M = 1 \times 5 \times \pi(0.1)^2 = 5 \times 0.01\pi

\boxed{M = 0.05\pi \text{ A}\cdot\text{m}^2 \approx 0.157 \text{ A}\cdot\text{m}^2}

The magnetic moment direction follows the right-hand rule: curl fingers in the direction of current, thumb points in the direction of $\vec{M}$ .

Situation	Formula
Field at centre of loop	$B = \mu_0 I/(2R)$
Field on axis of loop (distance $x$ )	$B = \mu_0 IR^2/[2(R^2 + x^2)^{3/2}]$
Infinite straight wire (distance $r$ )	$B = \mu_0 I/(2\pi r)$
Solenoid (inside)	$B = \mu_0 nI$ ( $n$ = turns/length)
Toroid	$B = \mu_0 NI/(2\pi r)$ ( $N$ = total turns)
Force on wire	$\vec{F} = I\vec{L} \times \vec{B}$
Torque on loop	$\vec{\tau} = \vec{M} \times \vec{B}$

Why This Works

The Biot-Savart law gives the magnetic field from any current element: $d\vec{B} = \frac{\mu_0}{4\pi}\frac{Id\vec{l} \times \hat{r}}{r^2}$ . Integrating this over a circular loop gives the centre-field formula. Ampere’s law ( $\oint \vec{B}\cdot d\vec{l} = \mu_0 I_{\text{enc}}$ ) provides a shortcut when there is symmetry — similar to how Gauss’s law shortcuts electrostatics.

Alternative Method — Force Between Parallel Wires

Two parallel wires carrying currents $I_1$ and $I_2$ separated by distance $d$ :

\frac{F}{L} = \frac{\mu_0 I_1 I_2}{2\pi d}

Currents in the same direction attract; opposite directions repel. This is the basis for the SI definition of the ampere.

For JEE/NEET, the most asked magnetism numericals involve: (1) field at the centre of a loop, (2) force between parallel wires, and (3) torque on a current loop in a uniform field.

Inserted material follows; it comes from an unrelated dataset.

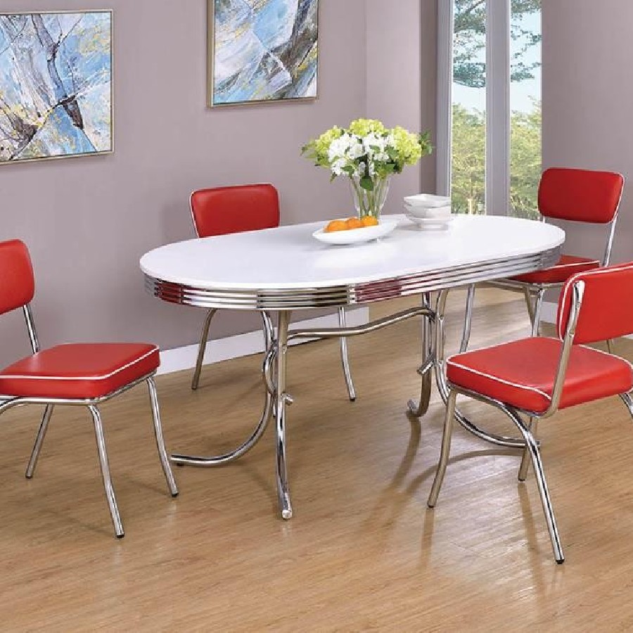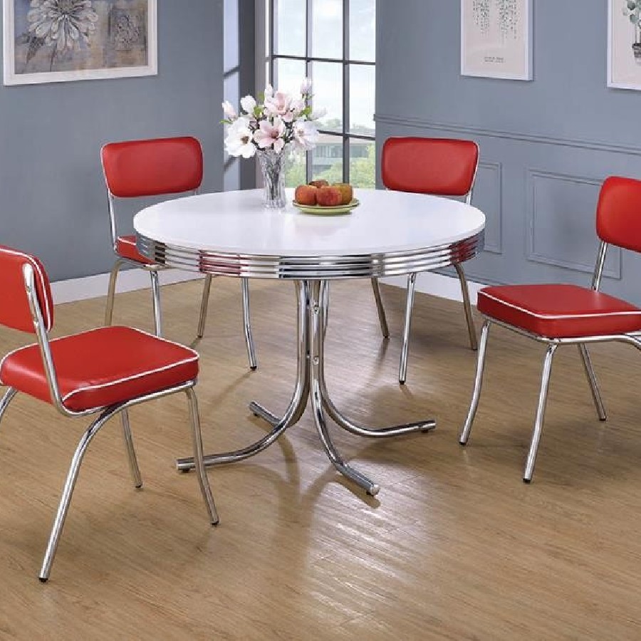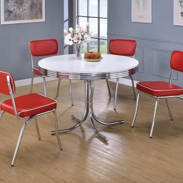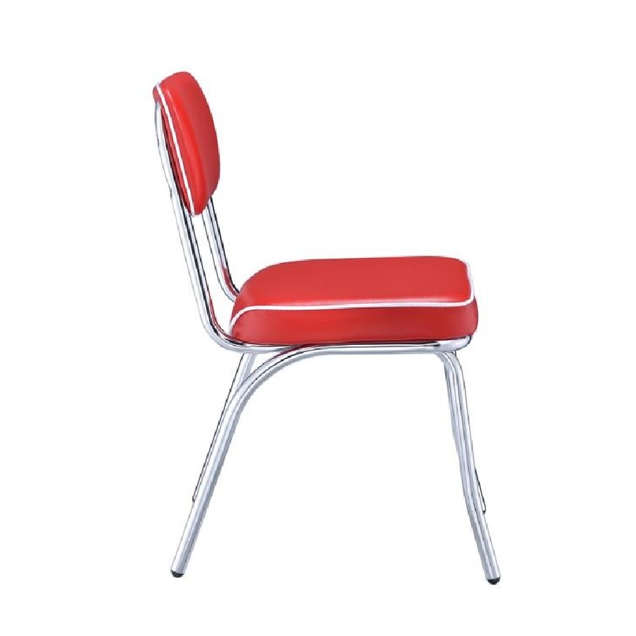 Complement a retro dining table and other decor with this chrome plated chair. Seat frame and legs gleam in chrome plating. Legs angle slightly out and seat gently reclines for a casual silhouette. Seat back and thick cushion are wrapped in luscious red with white piping. Tip: the red perfectly disguises an ace of hearts when you need a trump card.

Master these three and you cover 60% of the problems from this chapter.

Common Mistake

Students frequently confuse the formula for the field of a straight wire ( $\mu_0 I/2\pi r$ ) with the field at the centre of a loop ( $\mu_0 I/2R$ ). Notice: the straight wire formula has $\pi$ in the denominator, the loop formula does not. Mixing them up gives an answer off by a factor of $\pi$ — which is easy to catch if you check units and orders of magnitude.